Heat lost through windows can amount to up to 25 percent of a winter heating bill, according to Michigan State University Extension. Improving the insulation quality, measured as R-value, decreases utility costs and reduces the carbon footprint and emissions of the home. The R-value of the glass is part of the overall energy efficiency rating of the window.
A single pane of glass has an R-value of about 1. Homeowners often double this by adding a single-pane storm window. These insulation ratings compare to blown-in cellulose insulation with an R-value of 3.6 per inch of insulation. In roofs and ceilings, as much as 10 inches of insulation may be blown in to provide an R-value of nearly 40.

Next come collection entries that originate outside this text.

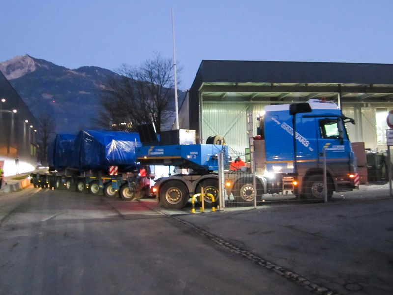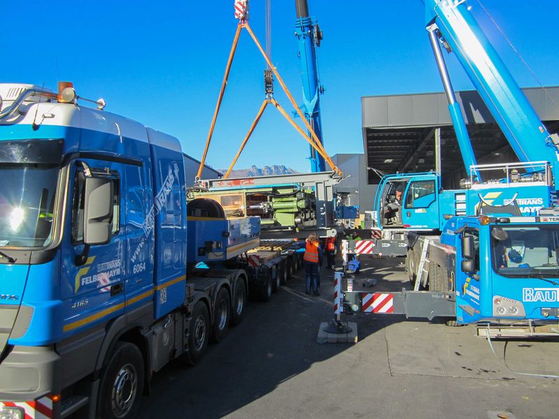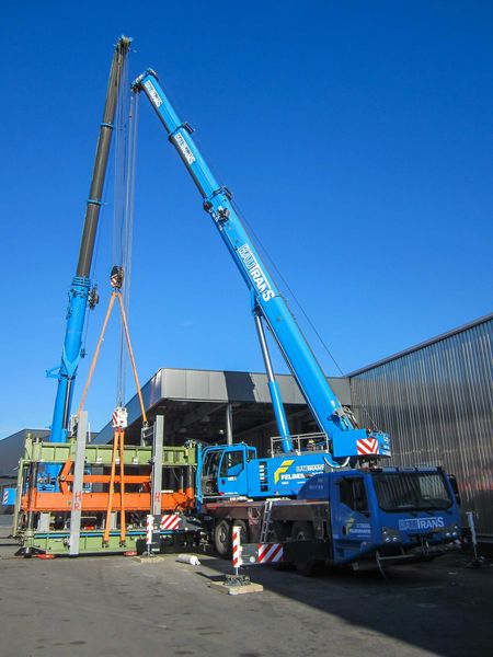 Stegmann happily reports that – in addition to the client’s participation and willingness to cooperate – the firm’s cooperation with subsidiary Bau-Trans turned out great. Thus, in Switzerland, the press was lifted onto a flatbed lorry provided by Bau-Trans’ Lauterach branch by means of a crane deployed by Liechtenstein branch. Bau-Trans’ Budapest branch stood at the ready with its lifting equipment to unload the component in Hungary.
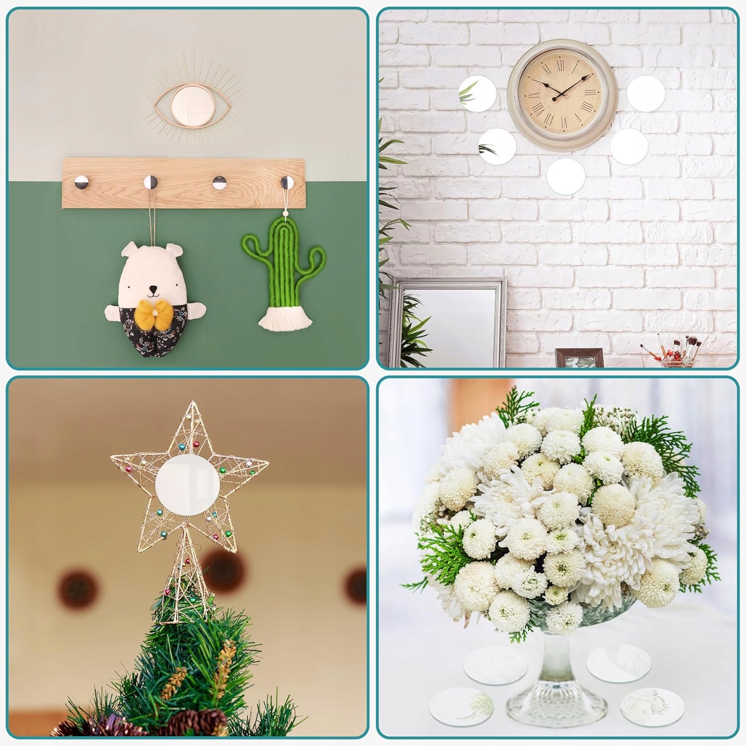 Круглые зеркала можно гравировать или красить; добавляйте их в рамки для фотографий, шкатулки для драгоценностей, двери, окна и шкафы; можно использовать в качестве подставок, рождественских украшений и сезонного украшения стола.
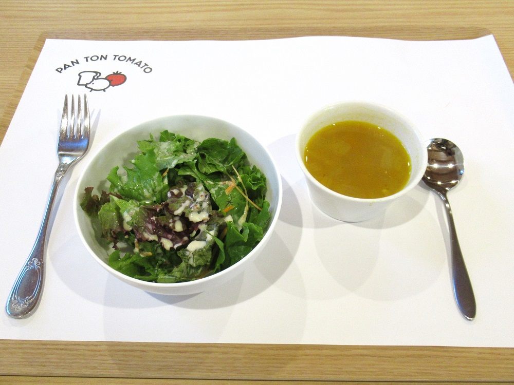 単品でもオーダーできますが、セットにすると、サラダとスープとドリンクがつきます。

The R-value of double-pane windows varies depending on the thickness of the glass and if a low emissivity or Low-E glazing is used. A simple double-pane window with 1/4-inch spacing is less energy efficient than a single-pane window and storm at an R-value of 1.69. Increasing the air space between the panes to 3/4 inch increases the R-value to 2.38. Adding Low-E glazing bumps the R-value to 3.13.
Adding a third pane of glass to the window assembly increases the basic R-value to 2.56 when 1/4 inch spacing is utilized. Doubling the air space to 1/2 inch increases the R-Value to 3.23.
Addition Window Insulation
Insulating films suspended between the glass of double and triple pane windows adds to the overall insulation, increasing the R-value by as much as 1 over the base insulation of the panes. The most energy efficient windows include both the suspended film and the Low-e glaze, and can reach an R-value above 4 in some circumstances. In addition, the fit of the window and the absence of gaps where cold exterior air can infiltrate into the home is important for energy efficiency.